The Government should do more to encourage the creation of sexual assault referral centres. Those are usually adjacent to hospitals. The units are run by specialists for the benefit solely of the victims of sexual assault. A woman can go there with the police, or on her own, or she can phone and be brought to it. She is treated as a patient rather than a witness. No decisions are forced on her and no detailed statements are taken; just enough to allow the relevant health checks. She is encouraged to give samples in case she wants to prosecute, but with no obligation to make the decision to do so then. She is examined by an expert who has the expertise to give evidence about findings, going way beyond that of most forensic medical examiners at police stations who are GPs with generalised experience. Counselling can be arranged. A change of clothes can be arranged. She can be taken home. The police can be brought in the next day to take a statement if that is what she wants. It will, of course, be a specialist-trained officer who liaises with the sexual assault referral centre.

SARCs offer the best kind of support.

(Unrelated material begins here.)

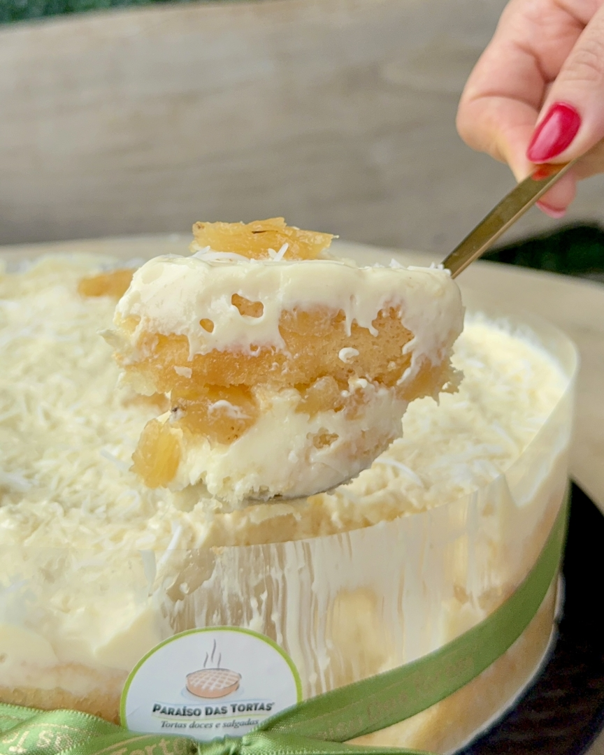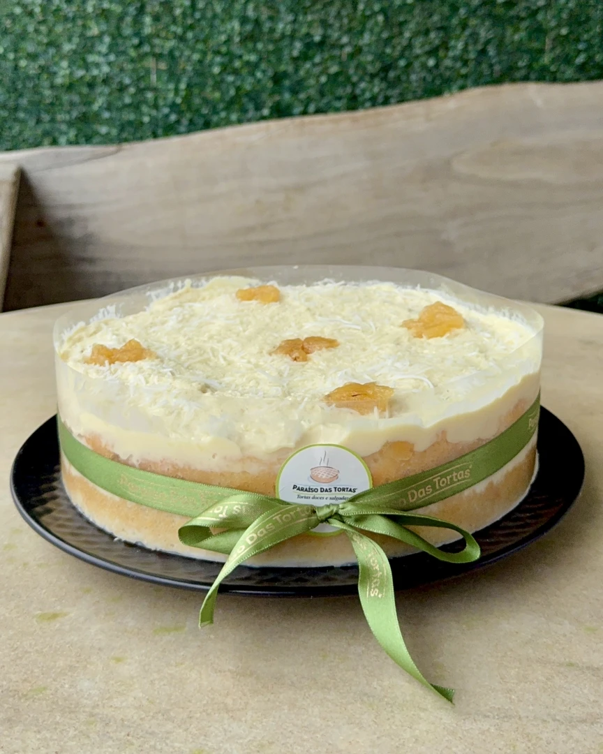 Bolo branco suave e úmido, recheado com creme de coco e um doce de abacaxi saboroso. Na cobertura, creme de Ninho e pedaços de abacaxi para decorar. Peso: 2kg. Serve aproximadamente 15 pessoas.

One in every major urban centre would reduce the drop-out rate significantly and enhance the impact of the changes in the law. At the moment, however, there are only six sexual assault referral centres in the country, so in many areas such as mine on Teesside, complainants cannot receive the support that such resources can supply.

Cleveland police—my local force—and I are organising a conference of stakeholders for September in order to consider creating a Teesside SARC. That requires input not only from the police, because such centres aid detection, but from health trusts, because the after-effects of rape are a major health issue. Most of all, there is a need for finance or a definite prioritising by the Home Office of police and health funding. Not a large amount of money is needed to run a centre. REACH, the excellent centre in Newcastle upon Tyne, runs on about £250,000 a year.

SARCs should be linked to the national rape helpline, to which my right hon. Friend the Home Secretary rightly referred, so that by calling a single number, a woman can receive local help wherever the traumatising crime occurs. Project Sapphire, which works closely with The Haven, a sexual assault referral centre in south London, is sure that its next figures will show a lower drop-out rate and a better conviction rate owing to that liaison.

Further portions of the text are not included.